Объем: 34 бумажных стр.

Формат: epub, fb2, pdfRead, mobi

Подробнее

Рыцарь Глюк

Воспоминание из 1809 года

Обычно поздней осенью в Берлине еще бывает несколько прекрасных дней. Ласковое солнце выступает из облаков, и вмиг испаряется сырость из чуть прогретого воздуха, ветерком обдувающего улицы. Тогда видишь, как по Унтер-ден-Линден движется к Тиргартену длинная пестрая вереница — щеголи, буржуа с женами и дорогими малютками в воскресных платьях, священники, еврейки, судейские стажеры, кокотки, профессора, модистки, офицеры и так далее, все вперемежку. Скоро все места «У Клауса и Вебера» заняты, дымится морковный кофе, франты закуривают сигары, говорят, спорят о войне и мире, о ботинках мадам Бетман — были они серые или зеленые, о закрытом торговом государстве и скудных доходах и тому подобном, пока все не перекрывает ария из «Капюшона», которой терзают себя и слушателей расстроенная арфа, пара вовсе не настроенных скрипок, чахоточная флейта и судорожный фагот. У самой балюстрады, отделяющей владения Вебера от мостовой, стоят несколько круглых столиков и плетеных стульев; здесь, вдали от какофонии проклятого оркестра, где дышится свободней и видны входящие и выходящие, я сидел, предавшись легкой игре воображения, приводящего ко мне дружеские образы, с которыми я беседую о науке, искусстве, о том, что человеку должно быть дороже всего. Час от часу толпа фланирующих становится пестрее и гуще, но меня ничто не беспокоит, ничто не может спугнуть мое воображаемое общество. Из мира грез меня вырывает лишь несносное трио, исполняющее какой-то чудовищный вальс. Я слышу только визгливый голос скрипки и флейты и надтреснутый бас фагота; разрывая слух, они идут вверх и вниз, упорно держась разных октав, и я невольно, как всякий, охваченный нестерпимой болью, восклицаю:

— Какая сумасшедшая музыка! Гнусные октавы!

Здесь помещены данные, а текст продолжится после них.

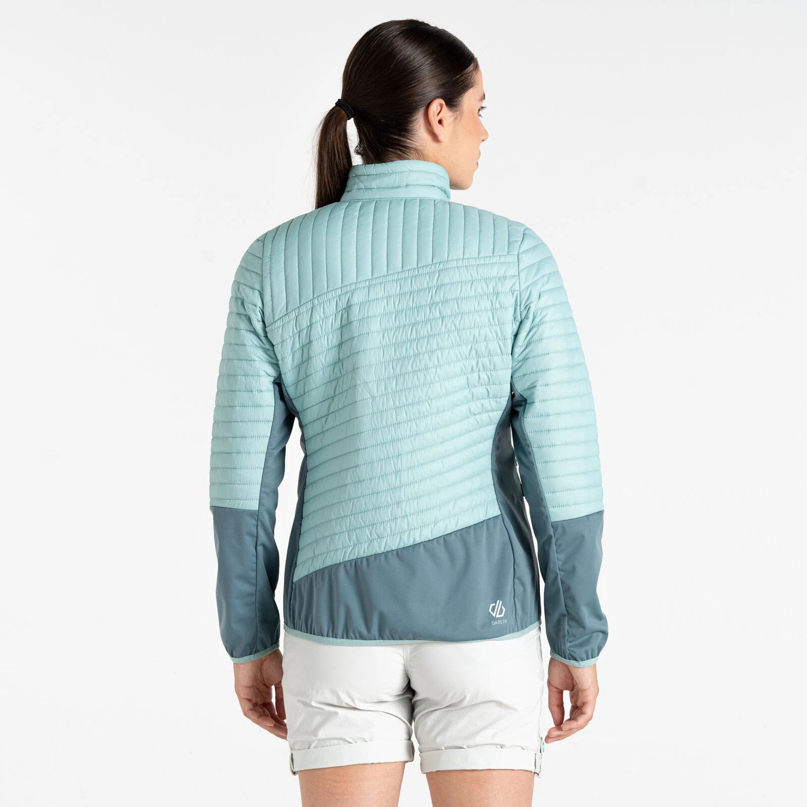 La giacca ibrida da donna Dare 2b Lexan II Hybrid è realizzata in materiale tecnico iLUS Windproof e tessuto riciclato Ared 15/15. Grazie a questo, è una protezione perfetta contro vento e acqua, ma rimane traspirante. Inoltre, il materiale è elastico, quindi non limita in alcun modo la naturale libertà di movimento. Al centro dei pannelli anteriore e posteriore si trova l'imbottitura Iloft, che riscalda in modo affidabile ed è facilmente comprimibile.
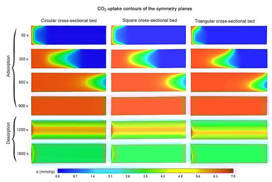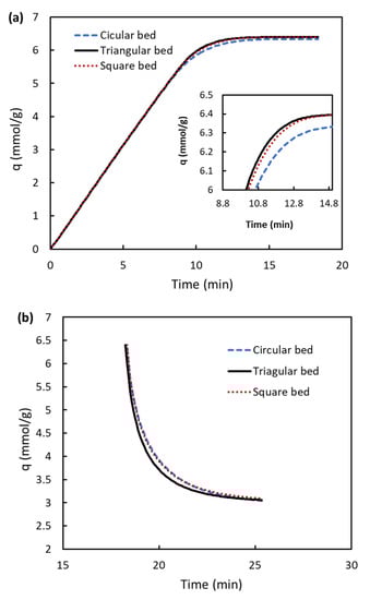 The adsorption uptake represents the ability of the bed to efficiently adsorb or desorb the desirable gas. A greater uptake shows that the bed capacity is high due to good cooling processes, and low uptake during the regeneration process indicates an efficient heating process. Of the three examined beds, the triangular one shows the greatest capacity during the adsorption process (Figure 6a) and the lowest capacity for an adequate desorption process time (Figure 6a). The square cross-sectional bed also has good uptake values. The difference between the three beds is not high (e.g., at t = 10.8 min, adsorption uptake is 6.04 mmol/g for the circular bed, 6.13 mmol/g for the square bed, and 6.17 mmol/g for the triangular bed); however, the square bed is best for large and industrial scales. In addition, for large scales, the triangular cross-sectional beds can be arranged compactly, compared to circular ones, which have cavities between beds. Figure 6 exhibits, in general, an increase in the adsorption uptake with time until the bed is saturated during the adsorption process, and the opposite occurs during the desorption process.
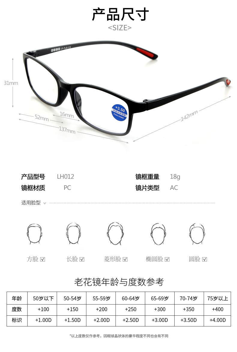 可靠 时尚防蓝光老花镜 简约弧形镜腿 多色可选
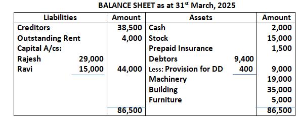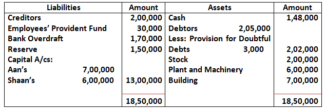 Q78. Aan and Shan were partners sharing profits in the ratio of 3:2. Their Balance Sheet as at 31st March, 2024 was as under:
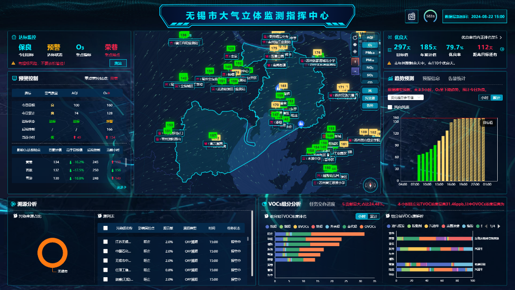 圍繞PM2.5和O3的精準管控和科學治理需求,我市建設了覆蓋全市的大氣環境污染立體監測網絡和大氣污染防控指揮集成系統,增強顆粒物和光化學組分解析、傳輸監測、強化多污染物協同控制和區域協同治理能力,實現大氣環境管理“預警、溯源、評估”。

Рядом со мной кто-то пробормотал:

— Проклятая судьба! Опять ненавистник октав!

Я поднимаю глаза и впервые обнаруживаю, что за моим столиком незаметно занял место господин, твердый взгляд которого устремлен прямо на меня так, что я не в силах от него уклониться.

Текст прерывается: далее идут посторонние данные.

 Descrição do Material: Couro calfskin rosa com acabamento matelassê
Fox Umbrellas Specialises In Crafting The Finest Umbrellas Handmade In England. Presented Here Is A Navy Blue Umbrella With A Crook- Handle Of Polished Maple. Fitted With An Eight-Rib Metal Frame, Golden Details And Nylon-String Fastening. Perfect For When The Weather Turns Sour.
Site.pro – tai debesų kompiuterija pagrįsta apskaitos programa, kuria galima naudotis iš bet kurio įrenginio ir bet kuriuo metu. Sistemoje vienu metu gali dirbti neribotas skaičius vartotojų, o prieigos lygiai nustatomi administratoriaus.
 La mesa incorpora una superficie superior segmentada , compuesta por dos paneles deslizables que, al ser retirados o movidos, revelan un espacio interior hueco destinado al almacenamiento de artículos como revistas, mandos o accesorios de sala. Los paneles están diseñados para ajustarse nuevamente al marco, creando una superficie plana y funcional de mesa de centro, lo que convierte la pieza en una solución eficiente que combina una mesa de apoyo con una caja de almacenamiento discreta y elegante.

Никогда не видел я лица и фигуры, которые произвели бы на меня столь мгновенное и столь глубокое впечатление. С легкой горбинкой нос, широкий открытый лоб с выпуклыми надбровными дугами, кустистые седеющие брови, глаза, сверкающие почти юношеским яростным огнем (на вид господину могло быть больше пятидесяти). Мягко очерченный подбородок составлял странный контраст с плотно сжатыми губами, а насмешливая улыбка, прорывающаяся сквозь диковинную игру мускулов на впалых щеках, находилась в противоречии с глубокой меланхолической серьезностью, которой отмечен лоб. Редкие вьющиеся седые волосы виднелись из-за больших оттопыренных ушей. Просторный, сшитый по последней моде сюртук облегал крупную сухощавую фигуру. Как только я взглянул на господина, тот опустил глаза и продолжил занятие, от которого его, по всей видимости, отвлекло мое восклицание: он с явным удовольствием высыпал табак из разных маленьких пакетиков в одну большую трубку, стоящую перед ним, и увлажнял его вином из бутылки. Музыка прекратилась, и я почувствовал необходимость обратиться к нему.

— Хорошо, что наступила тишина, — сказал я, — это было действительно невыносимо.

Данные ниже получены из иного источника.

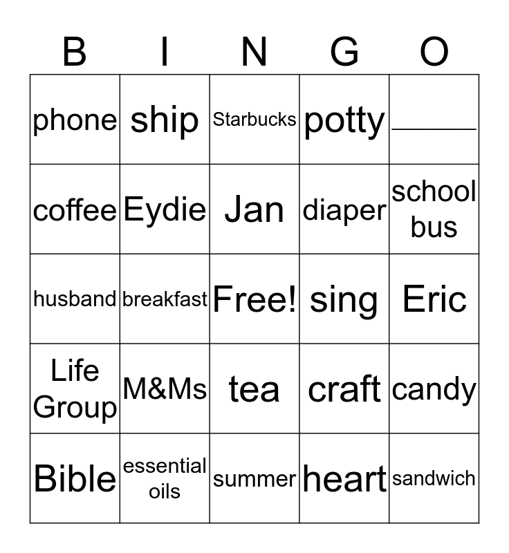 This bingo card has a free space and 28 words: candy, Mom to Mom, diaper, heart, coffee, Starbucks, ship, Life Group, sing, Bible, husband, potty, essential oils, summer, school bus, September, M&Ms, Eydie, Jan, tea, phone, prayer, sandwich, breakfast, Eric, craft, ________ and +++++++.
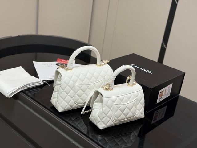 / Comes with a folding box Size: 20.13cm 23.14cm Chanel Coco Handle Handbag Grain
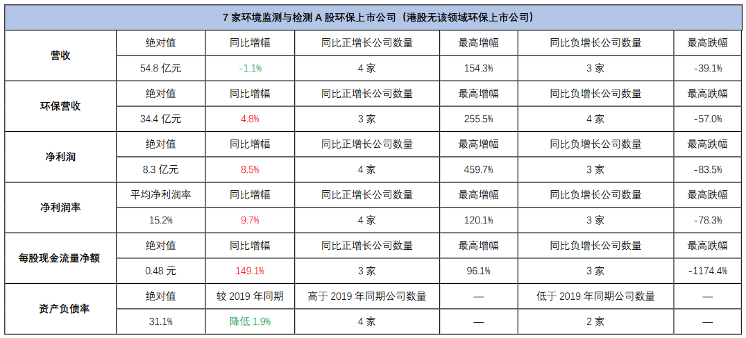 2020年上半年環(huán)境監(jiān)測與檢測A股環(huán)保上市公司環(huán)保營收同比增幅排名
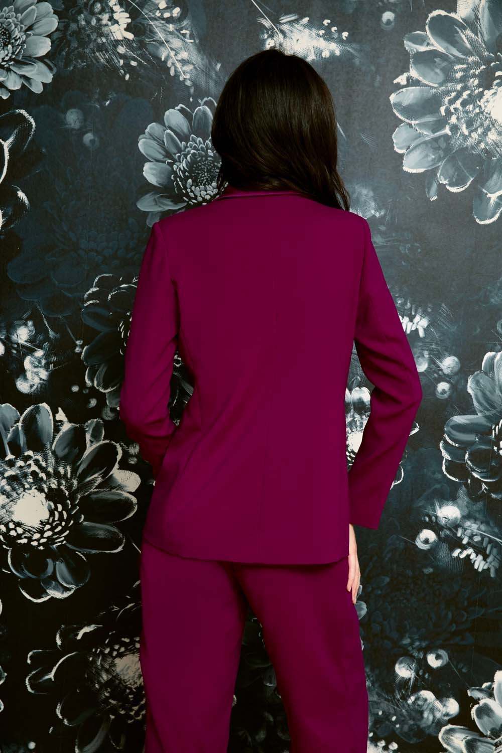- Straight pants in magenta polyester crepe
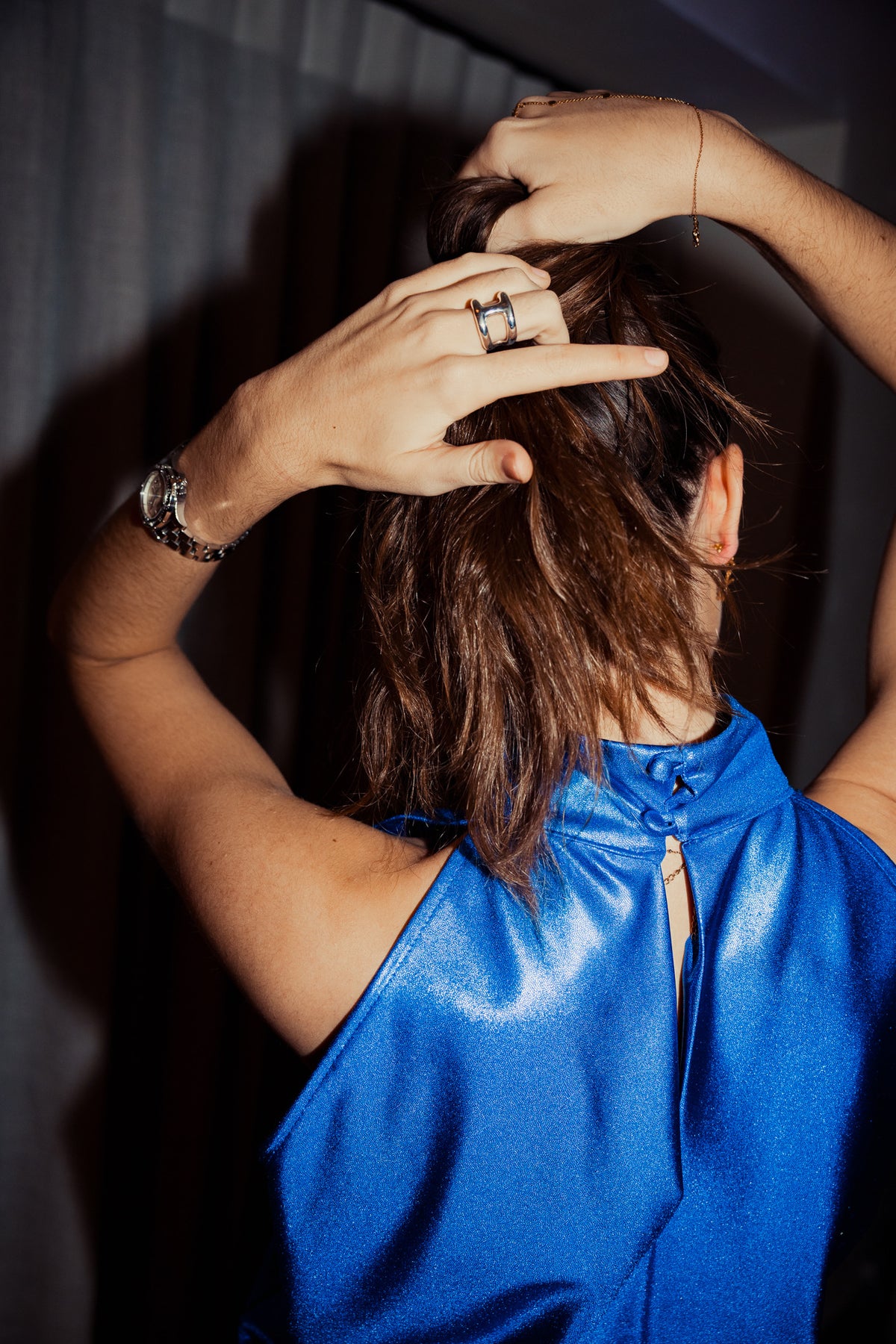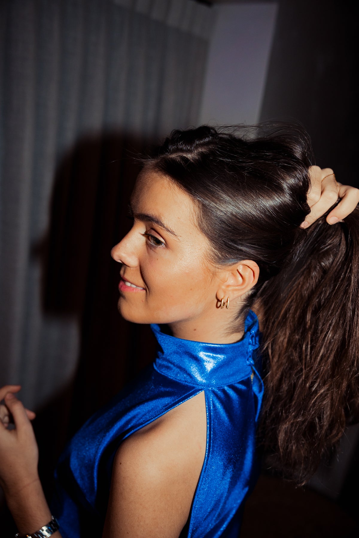 This blue metallic halter top is made for nights where you want control and impact. The American neckline frames the shoulders and collarbone with a sharp, modern line. The fabric falls smoothly over the body, giving structure without stiffness.

Старик коротко взглянул на меня и высыпал последний пакетик.

— Было бы еще лучше, если бы они не играли вовсе, — добавил я. — Вы не согласны со мной?

— Не могу судить, — сказал он, — вы музыкант и профессиональный критик…

— Вы ошибаетесь, я ни то, ни другое. Когда-то я обучался игре на фортепиано и генерал-басе как предметам, принадлежащим к хорошему воспитанию, и тогда среди прочего мне сказали, что нет ничего более противного, чем бас и высокие ноты, идущие в октаву.

— Правда? — бросил он, встал и размеренным шагом направился к музыкантам, при этом часто поднимая глаза к небу и похлопывая себя ладонью по лбу, словно желая пробудить какое-то воспоминание. Я смотрел, как он говорит с музыкантами, о чем-то распоряжаясь со знанием дела и чувством собственного достоинства. Он вернулся, и как только сел, — заиграли увертюру к «Ифигении в Авлиде».

Прикрыв глаза, положив руки со скрещенными пальцами на стол, он слушал анданте; его левая нога слегка двигалась, обозначая вступление голоса; вдруг он поднял голову… глянул вокруг… левая рука с широко расставленными пальцами застыла на столе, словно взяв аккорд на фортепиано, правая рука поднята вверх: это был дирижер, указывающий оркестру начало другого темпа; правая рука упала, и аллегро началось!.. Румянец выступил на бледных щеках, брови сдвинулись, обозначив морщины на переносице, внутренний огонь воспламенил взгляд творческим огнем, от которого постепенно растаяла улыбка на полураскрытых губах. Вот он откинулся назад, морщины разгладились, лицу вернулась живость, глаза блестят, глубокое внутреннее страдание сменилось переживанием прекрасного, заставляющим трепетать каждую жилку… грудь вздымается, на лбу выступили капельки пота; он указывает оркестру общее вступление и другие важнейшие места; правая рука не переставая отбивает такт, а левой он достает носовой платок и вытирает лицо… Так расцветил он красками и одел плотью каркас из двух скрипок, игравших увертюру. Я услышал нежную мелодичную жалобу флейты после того, как стихла буря скрипок и контрабасов и прекратился гром литавр; услышал тихие звуки виолончели, фагота, наполняющие сердце невыразимой грустью; вновь оркестр грянул в унисон, словно исполин, величественно шествующий вперед; глухая жалоба замерла под его сокрушительными шагами…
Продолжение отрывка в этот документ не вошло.